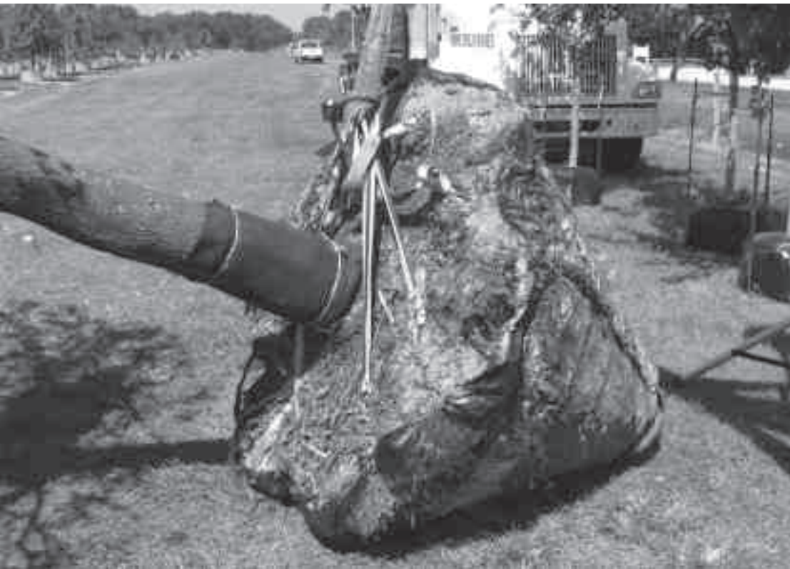
◀ Proper tree handling shown here lifts the weight of the tree by the basket and protects the tree trunk from compression or scraping.
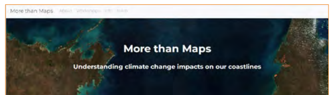
Figure 2: More than Maps workshops

For more information and to access the workshops visit the More than Maps website http://morethanmaps.earth .
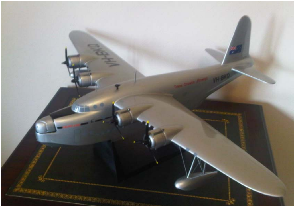
1:50 scale model of Trans Oceanic Short Sunderland VH-BKQ presented to Philip Dulhunty
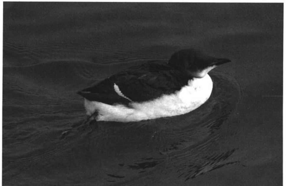
An exploratory inshore boat trip along the northern New Jersey coast 29 January 2005 turned up a record four Thick-billed Murres within 400 meters of shore. This individual sat for its portrait about 100 meters from the shore at Long Branch, Monmouth County, New Jersey.
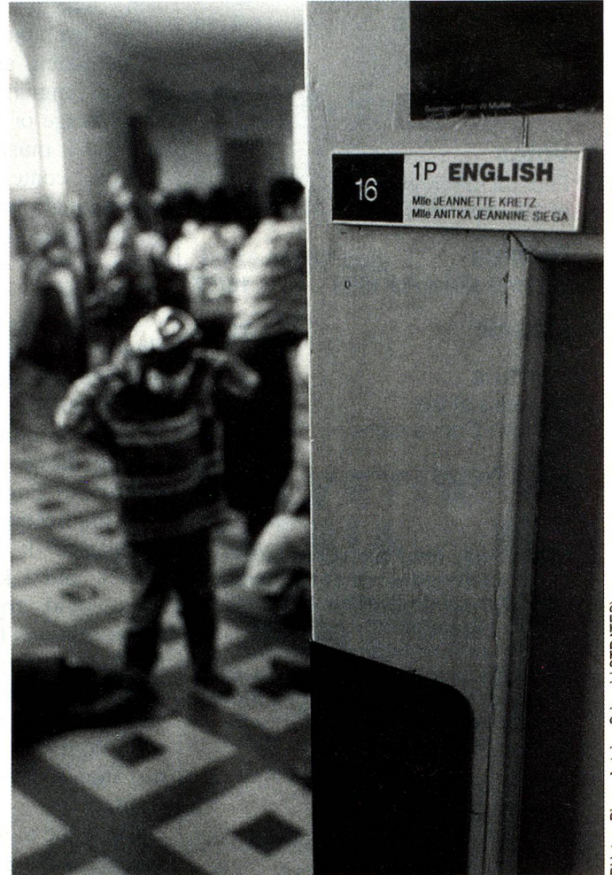
The promotion of English at an early school age is causing heated debate...

School authorities, parents and children are instead turning more and more openly towards English. In a world that marches to the beat of commerce, English appears to be the only foreign language with market value. French and Italian-speaking Switzerland views this trend as the logical conclusion of a fatal development. The widespread use of dialect throughout German-speaking
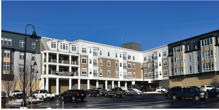
Main Street Apartments at Woodmont Commons ~ Londonderry
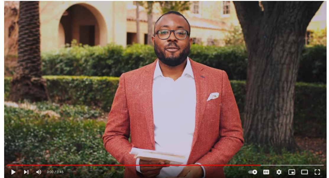
The History of Black History Month
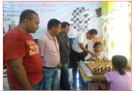
First move made by the Executive Secretary of National Sport Commission of SEJD
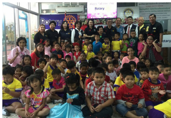
Rotary Club of Buengkum joined a project with Mother and Child Health Development Center in Suwanprast Community.
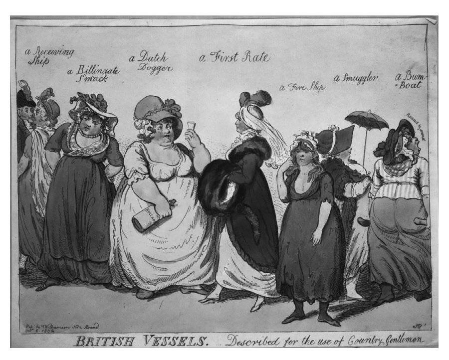
Figure 4.1 British Vessels. Described for the Use of Country Gentlemen. (London: T. Williamson 1802).

However, the power dynamics of eighteenth-century female bodily display were far less straightforward than simply men asserting an evaluative and desiring gaze over women. For one thing, women were doing the watching as well. Indeed, women of polite society actively and vigorously patrolled the boundaries of acceptable female behaviour, and could, indeed, be each other's keenest and strictest critics. This is, of course, an example of the practical manifestations of patriarchy, where women are taught to observe themselves and each other through masculine spectacles. Sandra Lee Bartky writes that a woman, knowing that 'she is to be subjected to the cold appraisal of the male
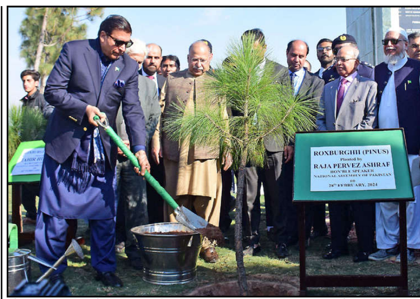
ISLAMABAD: Speaker National Assembly Raja Pervez Ashraf planting a sapling of Roxburghii (Pinus) after the inauguration ceremony of Yadgar-e-Dastoor monument on a green belt along Constitution Avenue in the Federal Capital.
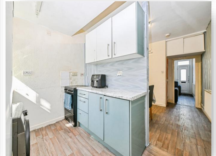
Lyndhurst Road, Nottingham NG2 4FX
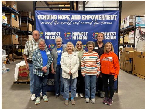
Knoxville UMC Knoxville, IL
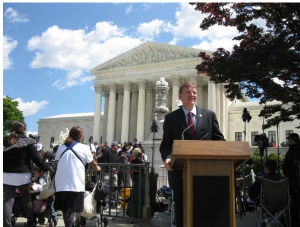
We are still waiting for the Obamacare and S.B. 1070 Supreme Court decisions
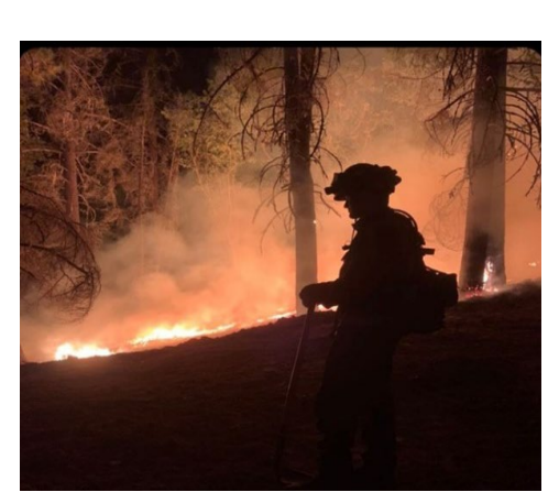
This is a SMART sponsored Shasta College Fire Academy grad on the fire lines this year
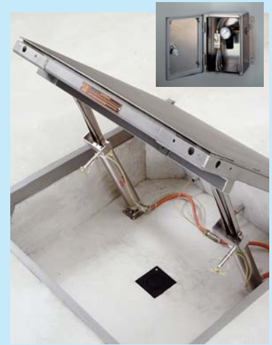
Pneumatic control and cylinders automatically lift the EZ-CLEAN scale for cleaning.
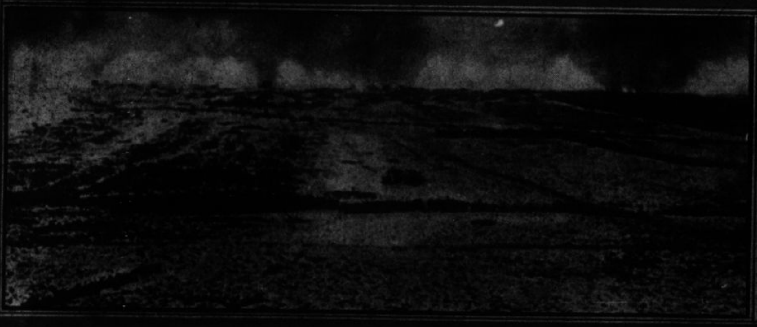
The barrage fire, Meurthe et Moselle sector, which uses up shells of the famous French 75's by the millions. This is a photograph of an actual bombardment.
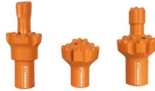
Reamer tools and Domed button bit:

Thread size: R25, R28, SSR28, R32, SSR32, R35, SSR35, R38, T38, T45, T51, SST58, SST68, SGT60. Diameter: 38mm to 152mm Face type: Flat front, Drop center front, Uni-face Skirt type: Normal, Retrac Head type: Cross and button
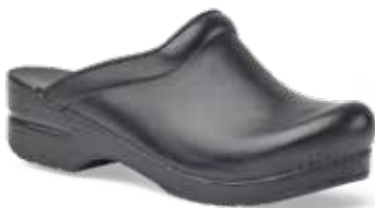
Black Cabrio 847-020202 (35-42)
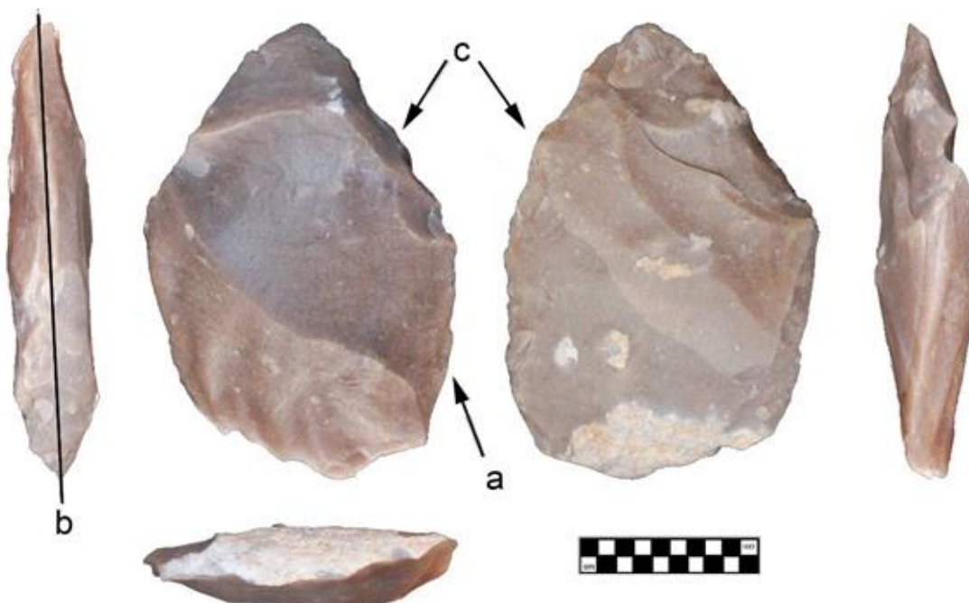
Figure 7. Replica 2 biface after removal of second overshoot flake. a) overshoot termination; b) resulting biface plane; c) platform prepared for the removal of Flake 3 from the other face.

An isolated, slightly projected platform was prepared by faceting, reduction and heavy grinding (Figure 6a). This was located on the margin opposite that from which Flake 1 was struck. Alternating margins is a trait seen on many Clovis bifaces (for example, see Waters & Jennings 2015: 122-123). It was also spaced so that it would only slightly overlap with the previous scar (Figure 6b). In order to encourage the formation of an overshoot, the opposite margin was unifacially, abruptly flaked (Figure 6c) so as to bring the edge above the intended biface plane. This assists with the extension of the fracture to the opposite margin (Figure 7a),
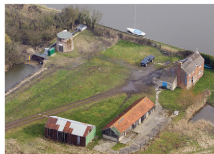
ACLE – HERMITAGE This former mill tower was truncated and converted into part of an engine house by Smithdale of Acle.
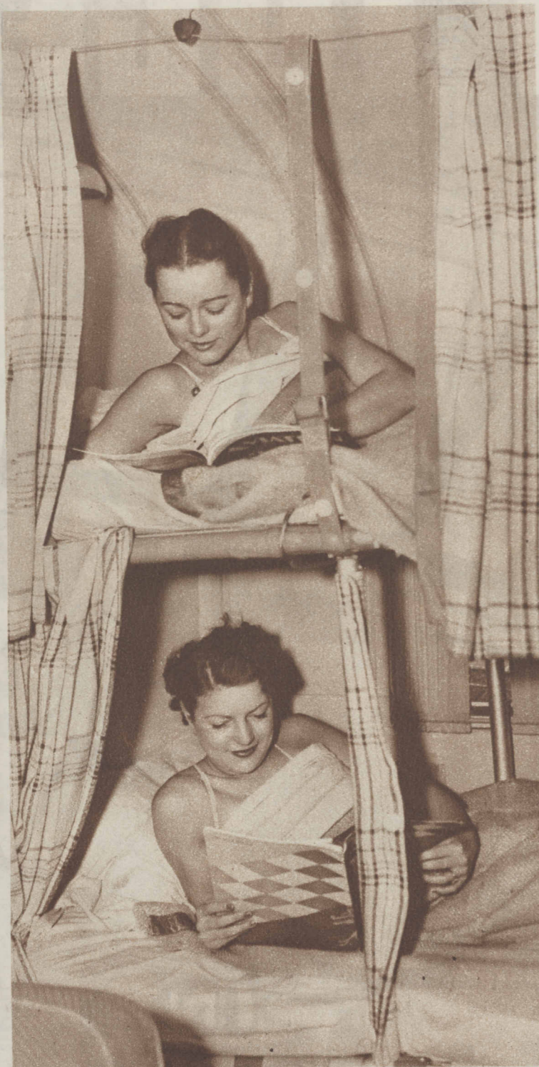
AERIAL LOWER AND UPPER—Two young women demonstrate sleeping accommodations of the "China Clipper," biggest flying boat ever built in the United States.
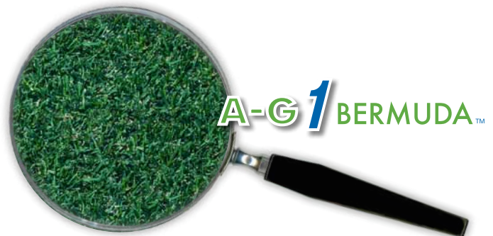
A-G 1 BERMUDA

Tifway: A versatile hybrid Bermuda which tolerates close mowing and is disease resistant. It spreads rapidly to provide a dense turf which is wear tolerant and heals quickly. This water conservative grass becomes dormant in the winter and may develop some thatch. Available overseeded with perennial ryegrass for winter installation jobs.
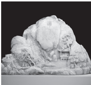
Jade Mountain China
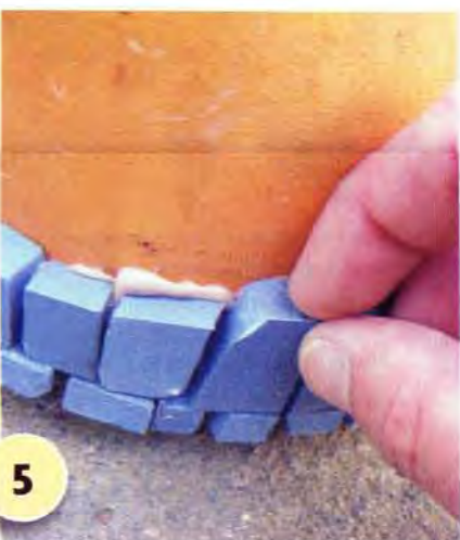
5 When the glue used in step four is dry, turn the pot upside down and apply a row of the 20mm blue tile pieces made from the strips cut in step three, as shown.
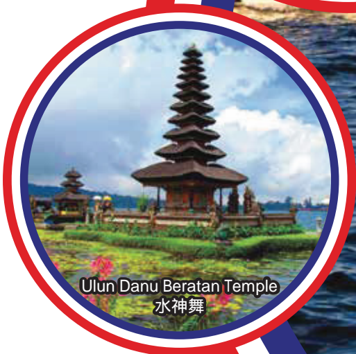
Ulun Danu Beratan Temple 水神舞

行程次序，以当地旅社安排为准。 Sequences of Itinerary are subject to local arrangement.
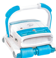
Monte Carlo' XL Floor and walls
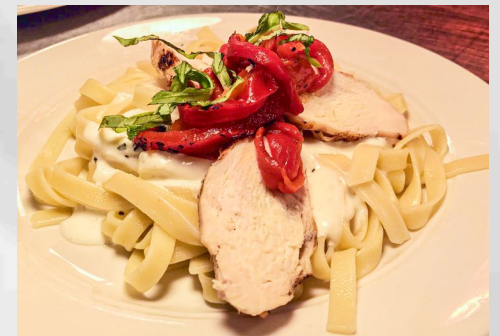
Chicken Fettuccini Alfredo with Peppers and Basil

Please Inquire About Off-Premise Availability and Pricing
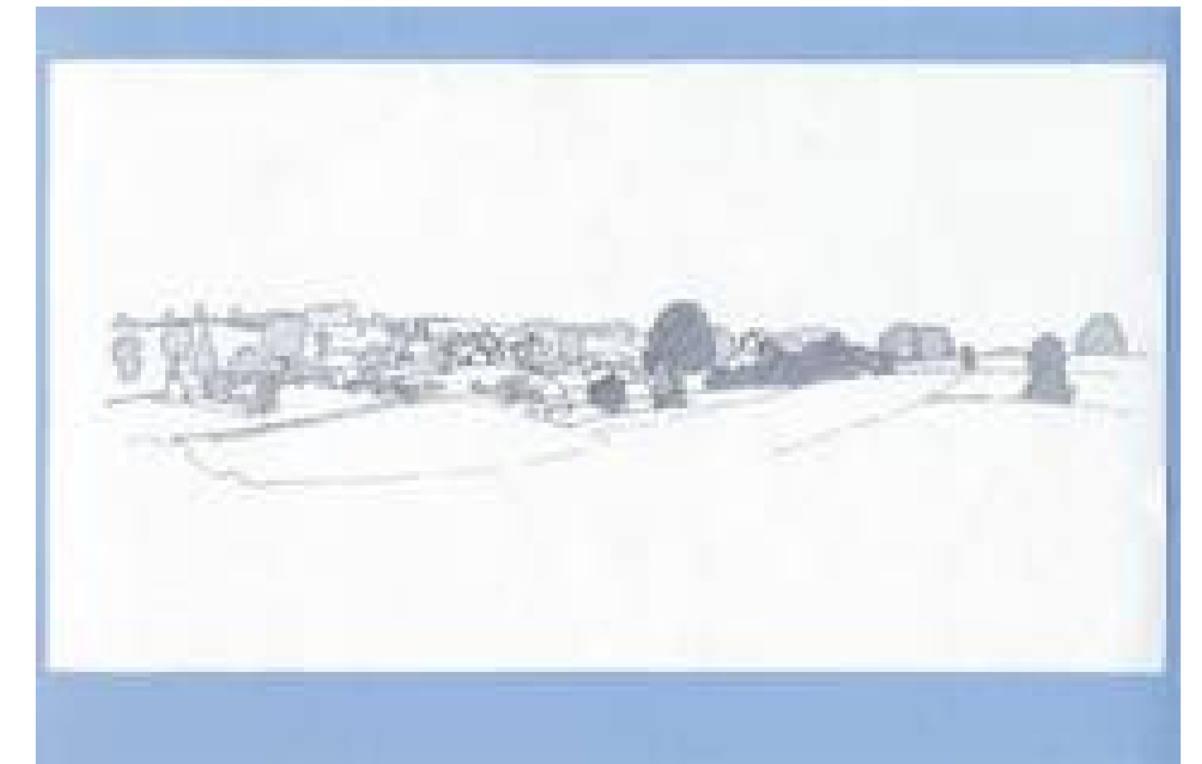
The inventory of village, 2006
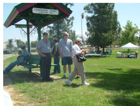
Panorama Point was a popular waiting spot

○ ○ ○ ○ ○

• Required work:
In the listing above, the required lines run from the line with "Rotary Club of" through the line with "Figure 4.1 British". Output exactly those lines, omitting pictures.

• Task answer:
Rotary Club of Buengkum joined a project with Mother and Child Health Development Center in Suwanprast Community.
Figure 4.1 British Vessels. Described for the Use of Country Gentlemen. (London: T. Williamson 1802).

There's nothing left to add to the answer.